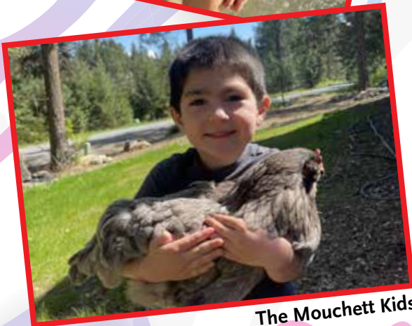
The Mouchett Kids
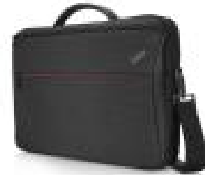
ThinkPad 14-inch Professional Slim Topload
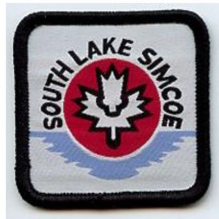
CAN/ONT S.8 (e)
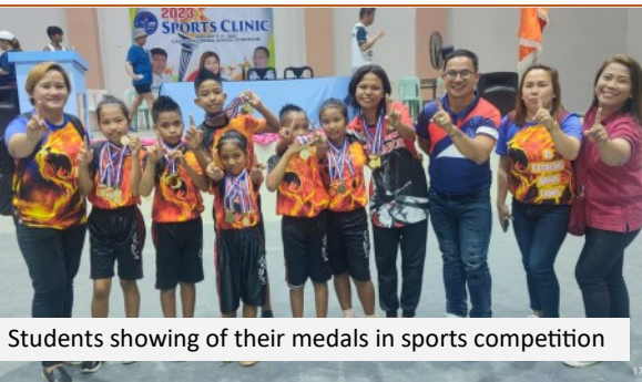
Students showing of their medals in sports competition
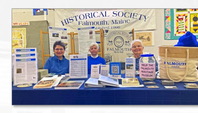
FHS Table at Cumberland Fair
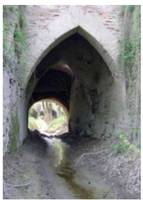
Fig.3 - On the left, south view of the Tower of Waters; the great ogival vault on the Galasso canal, which constitutes the foundation of the tower

dential building, thus confirming the intention of keeping the original structure while renovating and adapting the building to a new function.
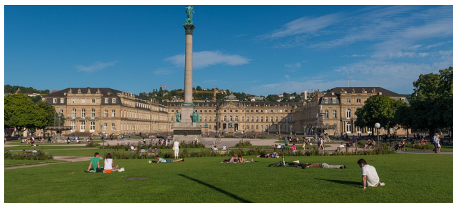
Schloßplatz in Stuttgart
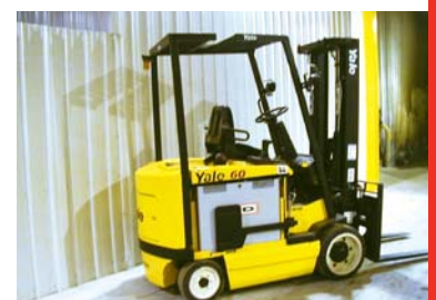
YALE FORK LIFT
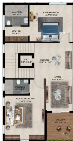
FIRST FLOOR PLAN SLAB AREA : 1157.5 sq.ft

◆ ◆ ◆ ◆ ◆

Task brief: Could you reproduce every record above exactly, leaving out any pictures?

Task result:
The Mouchett Kids
ThinkPad 14-inch Professional Slim Topload
CAN/ONT S.8 (e)
Students showing of their medals in sports competition
FHS Table at Cumberland Fair
Fig.3 - On the left, south view of the Tower of Waters; the great ogival vault on the Galasso canal, which constitutes the foundation of the tower

dential building, thus confirming the intention of keeping the original structure while renovating and adapting the building to a new function.
Schloßplatz in Stuttgart
YALE FORK LIFT
FIRST FLOOR PLAN SLAB AREA : 1157.5 sq.ft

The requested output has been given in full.